The problem:
Below is a listing with pictures. Repeat exactly the lines starting at the one holding "Coppia di carrelli" and going on through the one holding "7月14日拍攝的位于福建省連", and leave every picture out.

Supplied information:
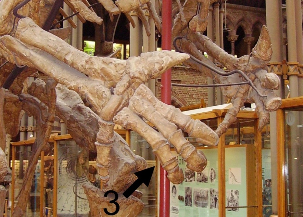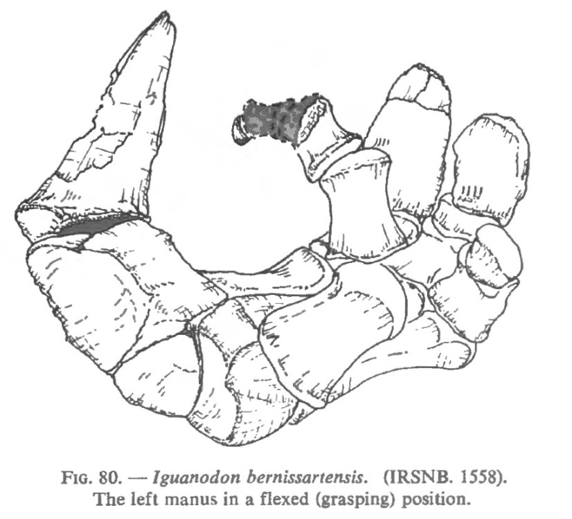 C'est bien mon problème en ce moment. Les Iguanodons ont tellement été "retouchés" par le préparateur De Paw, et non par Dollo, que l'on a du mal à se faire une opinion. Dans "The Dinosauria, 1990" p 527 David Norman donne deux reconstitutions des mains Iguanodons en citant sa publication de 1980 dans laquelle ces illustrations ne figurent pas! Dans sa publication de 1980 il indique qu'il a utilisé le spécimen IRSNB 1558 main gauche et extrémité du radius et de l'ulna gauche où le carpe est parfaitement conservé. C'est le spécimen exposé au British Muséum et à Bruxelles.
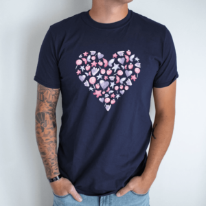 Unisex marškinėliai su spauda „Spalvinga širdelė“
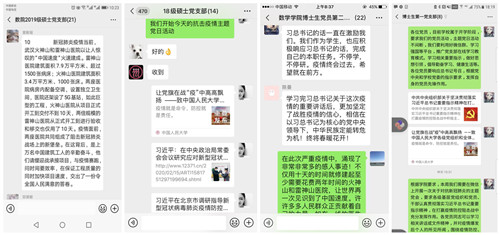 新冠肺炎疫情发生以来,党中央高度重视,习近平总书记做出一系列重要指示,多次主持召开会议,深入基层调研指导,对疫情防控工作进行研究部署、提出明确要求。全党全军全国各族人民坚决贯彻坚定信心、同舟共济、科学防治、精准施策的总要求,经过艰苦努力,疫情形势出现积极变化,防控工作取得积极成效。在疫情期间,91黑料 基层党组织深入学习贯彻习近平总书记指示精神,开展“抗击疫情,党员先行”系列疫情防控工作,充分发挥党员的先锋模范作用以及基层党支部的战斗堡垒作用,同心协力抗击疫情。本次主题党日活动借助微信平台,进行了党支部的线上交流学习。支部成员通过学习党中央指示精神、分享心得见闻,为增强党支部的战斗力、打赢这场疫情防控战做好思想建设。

--

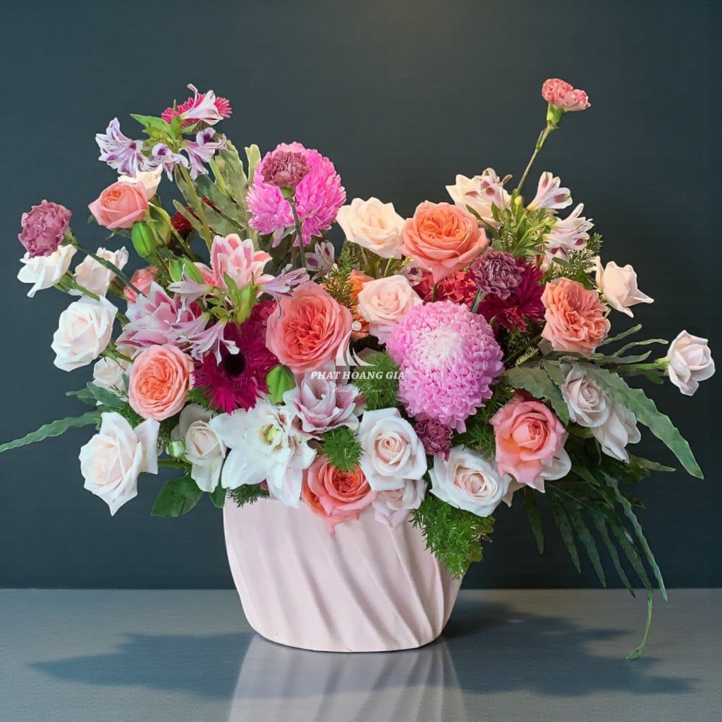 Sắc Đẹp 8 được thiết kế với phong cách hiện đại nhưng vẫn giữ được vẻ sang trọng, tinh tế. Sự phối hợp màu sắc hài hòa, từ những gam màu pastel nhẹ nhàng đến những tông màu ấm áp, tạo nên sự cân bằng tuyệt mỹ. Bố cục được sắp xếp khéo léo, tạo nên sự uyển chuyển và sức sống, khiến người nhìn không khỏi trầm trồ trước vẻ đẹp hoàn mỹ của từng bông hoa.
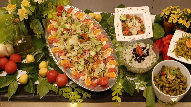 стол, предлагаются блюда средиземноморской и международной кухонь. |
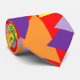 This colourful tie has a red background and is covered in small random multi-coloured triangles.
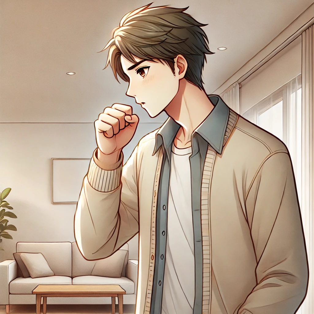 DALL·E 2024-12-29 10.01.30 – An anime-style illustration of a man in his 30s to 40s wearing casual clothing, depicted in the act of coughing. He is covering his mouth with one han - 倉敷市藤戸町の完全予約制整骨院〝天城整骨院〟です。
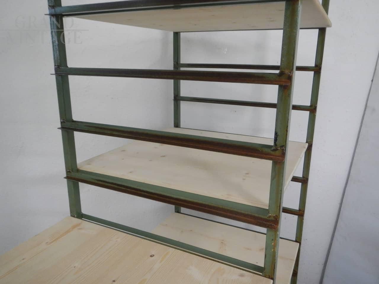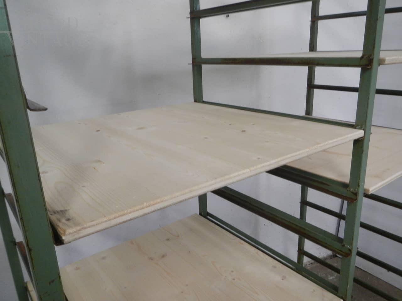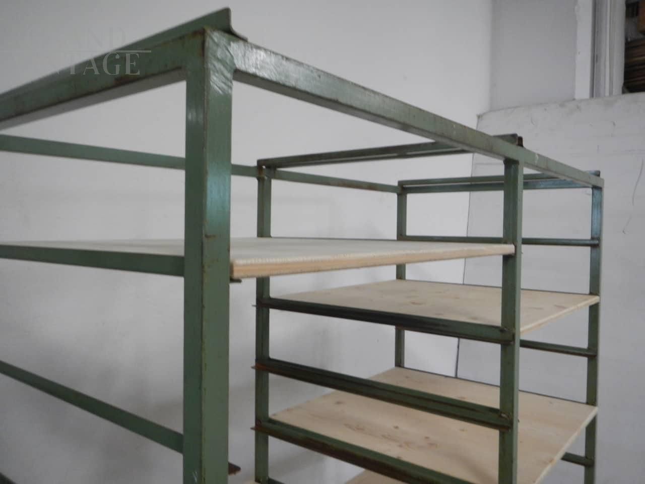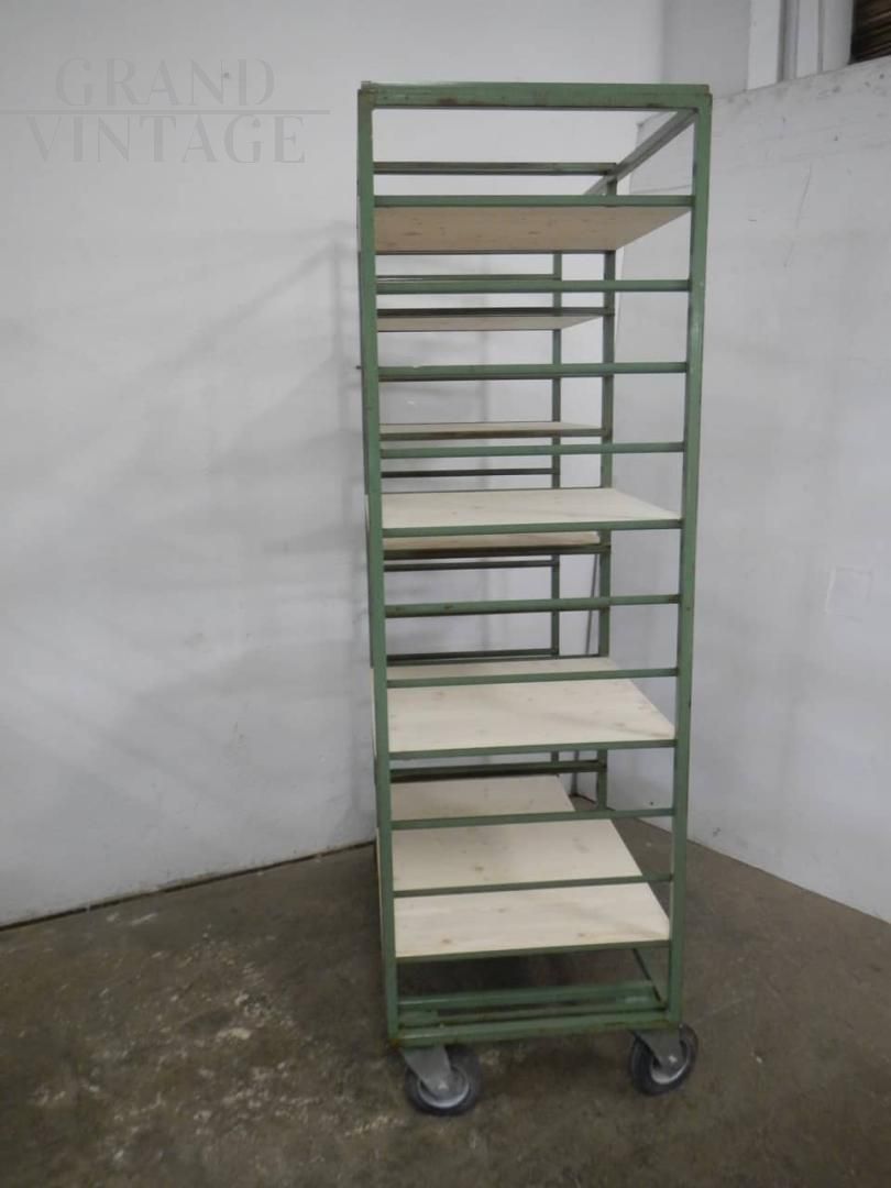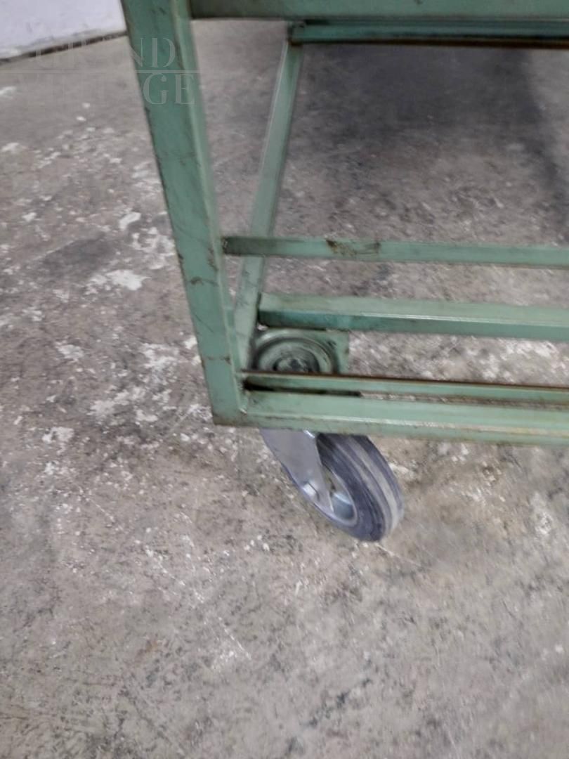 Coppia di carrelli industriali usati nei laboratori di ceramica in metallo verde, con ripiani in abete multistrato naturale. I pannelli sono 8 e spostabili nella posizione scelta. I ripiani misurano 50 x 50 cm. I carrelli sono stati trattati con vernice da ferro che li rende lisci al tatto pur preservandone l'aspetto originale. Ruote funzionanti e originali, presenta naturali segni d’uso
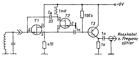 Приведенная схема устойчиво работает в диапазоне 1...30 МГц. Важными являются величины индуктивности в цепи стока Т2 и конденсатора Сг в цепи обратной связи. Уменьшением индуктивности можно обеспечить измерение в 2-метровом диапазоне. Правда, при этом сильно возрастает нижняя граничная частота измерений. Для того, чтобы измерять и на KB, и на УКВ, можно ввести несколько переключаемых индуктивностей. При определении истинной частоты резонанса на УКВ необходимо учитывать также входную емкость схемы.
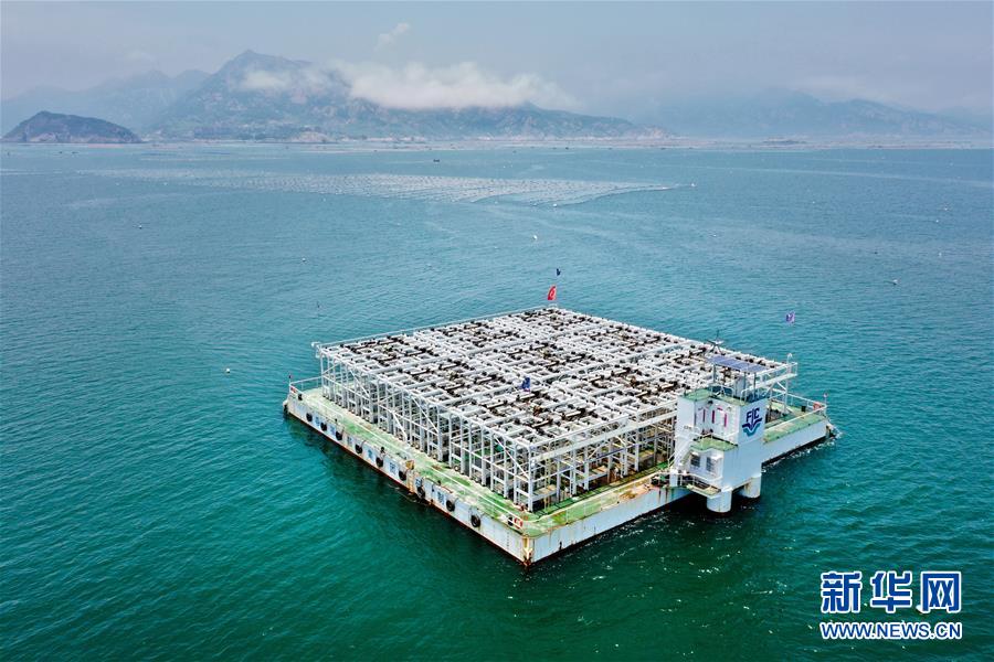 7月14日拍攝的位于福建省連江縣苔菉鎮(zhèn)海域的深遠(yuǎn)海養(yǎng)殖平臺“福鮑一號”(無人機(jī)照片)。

Written reply:
 Coppia di carrelli industriali usati nei laboratori di ceramica in metallo verde, con ripiani in abete multistrato naturale. I pannelli sono 8 e spostabili nella posizione scelta. I ripiani misurano 50 x 50 cm. I carrelli sono stati trattati con vernice da ferro che li rende lisci al tatto pur preservandone l'aspetto originale. Ruote funzionanti e originali, presenta naturali segni d’uso
 Приведенная схема устойчиво работает в диапазоне 1...30 МГц. Важными являются величины индуктивности в цепи стока Т2 и конденсатора Сг в цепи обратной связи. Уменьшением индуктивности можно обеспечить измерение в 2-метровом диапазоне. Правда, при этом сильно возрастает нижняя граничная частота измерений. Для того, чтобы измерять и на KB, и на УКВ, можно ввести несколько переключаемых индуктивностей. При определении истинной частоты резонанса на УКВ необходимо учитывать также входную емкость схемы.
 7月14日拍攝的位于福建省連江縣苔菉鎮(zhèn)海域的深遠(yuǎn)海養(yǎng)殖平臺“福鮑一號”(無人機(jī)照片)。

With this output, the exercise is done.